明日、愛しい竜はどんなカオをするだろう?


お題配布元:love is a moment さま


昨年もやりました「クリスマスお題」に挑戦。
「クリスマスのための二十四題」ということで文字どおり24あるんですけど、昨年はこのお題を見つけたのが12/7で挑戦し始めたのが12/10という出遅れ。お蔭さまで24題消化できませんでした。
そんな昨年の反省を踏まえたうえで、今年は24題に挑戦です。
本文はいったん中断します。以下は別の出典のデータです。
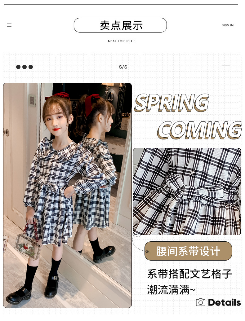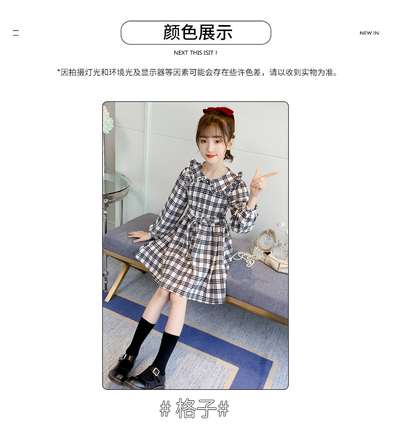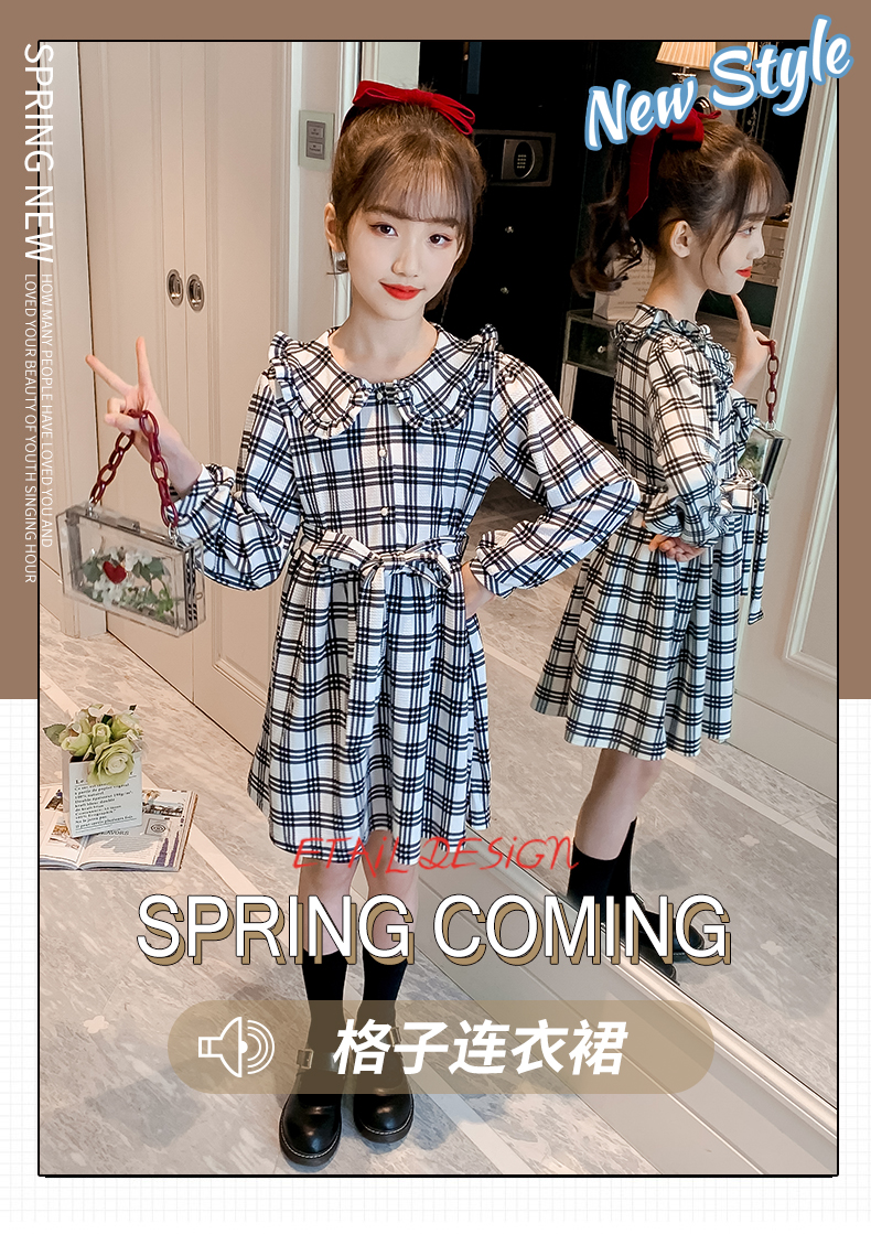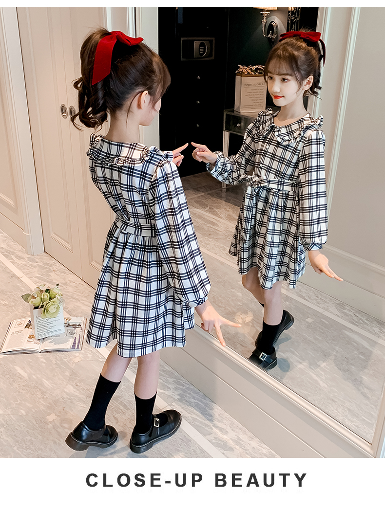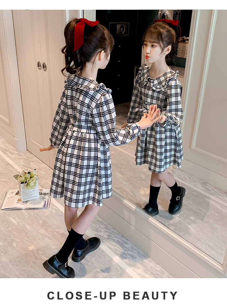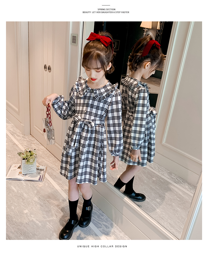浪莎韓版女童花邊翻領黑白格子連衣裙2021春裝新款兒童長袖公主裙

アドベントもどきではなく、本気でアドベントカレンダーやる気ですよ(苦笑)!

そんな訳で、初日の今日は小政。宮司小十郎×竜神政宗です。
今年のお誕生日月間で書かせていただいた設定ですが、設定自体が気に入っているのと書きやすいのとで以降何本か書いています。
とうとう最新テクノロジーかぶれな竜神様は携帯を持たせてもらえました(苦笑)。